# HOW TO COMPLETE THIS TASK
When the line with "sét,chống ăn mòn." turns up below, begin repeating exactly, and carry on through the line with "Parts for Whirlpool"; no pictures go into the copy.

# TASK INPUT
★ ★ ★ ★ ★ ★ ★

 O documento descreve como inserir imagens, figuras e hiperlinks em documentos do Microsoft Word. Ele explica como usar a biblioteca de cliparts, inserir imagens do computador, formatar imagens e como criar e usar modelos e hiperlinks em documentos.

★ ★ ★ ★ ★ ★ ★

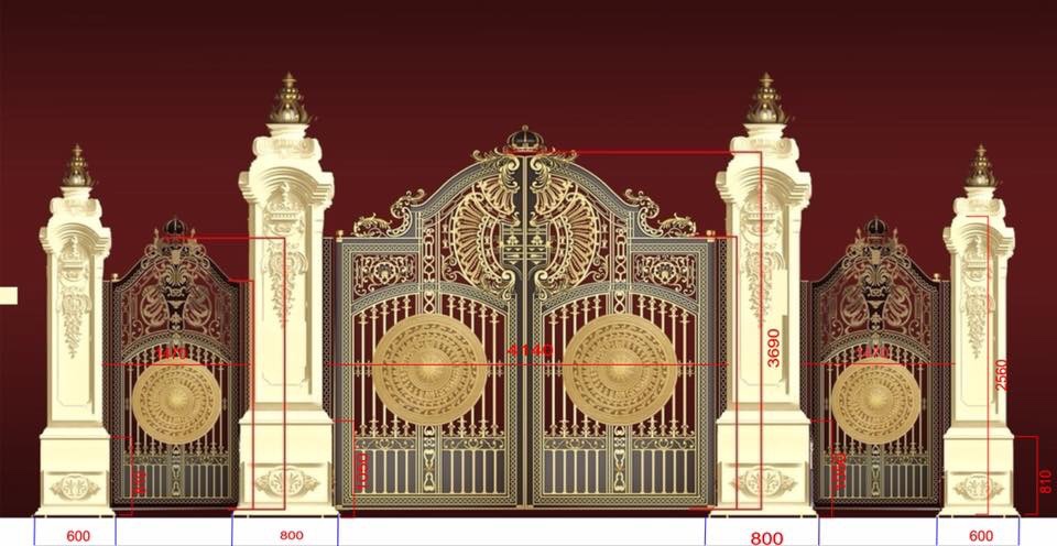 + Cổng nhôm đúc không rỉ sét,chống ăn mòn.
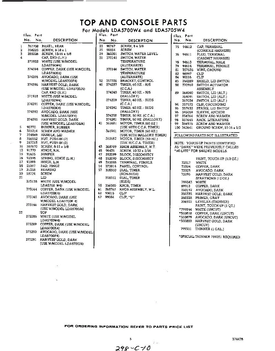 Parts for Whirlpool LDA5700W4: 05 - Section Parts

★ ★ ★ ★ ★ ★ ★

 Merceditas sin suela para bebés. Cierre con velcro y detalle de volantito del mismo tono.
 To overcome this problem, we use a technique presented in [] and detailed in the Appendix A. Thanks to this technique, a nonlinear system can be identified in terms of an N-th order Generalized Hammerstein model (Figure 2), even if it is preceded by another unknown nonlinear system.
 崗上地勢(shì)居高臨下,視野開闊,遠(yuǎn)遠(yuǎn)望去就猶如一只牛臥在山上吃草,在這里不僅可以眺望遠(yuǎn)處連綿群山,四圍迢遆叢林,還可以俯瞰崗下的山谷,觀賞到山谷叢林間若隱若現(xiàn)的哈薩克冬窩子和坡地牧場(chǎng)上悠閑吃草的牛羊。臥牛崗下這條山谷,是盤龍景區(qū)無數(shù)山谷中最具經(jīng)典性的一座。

★ ★ ★ ★ ★ ★ ★

# THE COMPLETED TASK
 + Cổng nhôm đúc không rỉ sét,chống ăn mòn.
 Parts for Whirlpool LDA5700W4: 05 - Section Parts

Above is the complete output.